__Data__
* * *

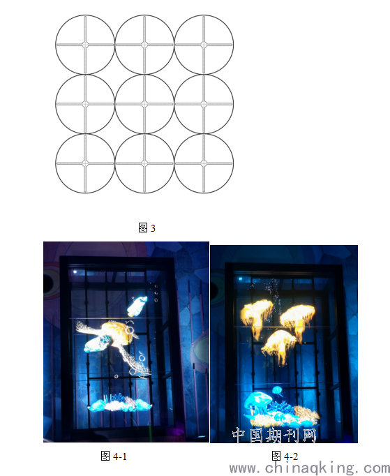 以2020年大连国际海鲜展为例,案例中应用的设备是中型全息广告机联屏,播放端的结构图如图3所示,设备由若干台65H单体播放机组成,配有金属支撑架和外防护罩,控制端包括局域网PC端控制和云端控制,可自由控制素材内容的播放展示。案例中所涉及的展示元素由三维动画、特效所构成,如海豚戏水题材,水母、海虾游动题材以及其他海洋生物互动的展示画面。其中各个种类的海洋生物制作由三维模型师运用常规的三维元素制作技术完成,动画师在模型资产完成后加以动作设计,特效师根据整体画面的构思进行特效模拟和解算并加以合成。项目管理人员在视觉素材完成后根据全息设备的具体硬件参数进行微调以匹配设备播放终端的展示效果,全息广告机联屏在实际应用前需根据内容测试效果决定是否在素材制作中修改方案或者通过硬件设备进行参数上的调整,以满足现场使用时要达到的整体视觉效果。通过用户反馈,现阶段的三维技术制作已基本满足了用户对于全息视觉效果的要求,同时用户也提出了相关建议。第一,三维技术在全息设备中的表现十分出色,但通过设备展示的效果并不能很好地被摄影机取样,未达到理想的广泛宣传效果 ,需改良全息硬件设备的相关参数以便于和大众摄像技术相融合,第二,目前的三维视觉素材大部分依然是机械式地展示,没有很好地与现场布局氛围以及场地实际内容线性地相连,所以在三维资产制作和技术合成的应用上需结合实地考察才能使全息视觉表现更上一层楼,第三,三维技术应结合对应的音效才能达到体验度更高的全息视听效果,三维视觉元素若与听觉元素相辅相成,会使用户达到更深一层的沉浸与消费意识。案例应用的现场效果如图4所示。
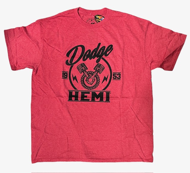 T-paita Dodge, meleerattu punainen. Värisävy voi vaihdella erästä riippuen. Printti edessä, materiaali 50 % puuvilla, 50 % polyesteri.
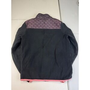 Keywords: PINK Victoria's Secret, fleece jacket, full zip jacket, black fleece, pink trim, logo print, casual jacket, warm jacket, layering piece, athleisure, streetwear, cozy, small, S

* * *

__Instructions to follow__
From the line that holds "T-paita Dodge, meleerattu" down to the last line of the material above, every line is to be copied exactly, both ends included; pictures are to be omitted.

__Solution for this problem__
 T-paita Dodge, meleerattu punainen. Värisävy voi vaihdella erästä riippuen. Printti edessä, materiaali 50 % puuvilla, 50 % polyesteri.
 Keywords: PINK Victoria's Secret, fleece jacket, full zip jacket, black fleece, pink trim, logo print, casual jacket, warm jacket, layering piece, athleisure, streetwear, cozy, small, S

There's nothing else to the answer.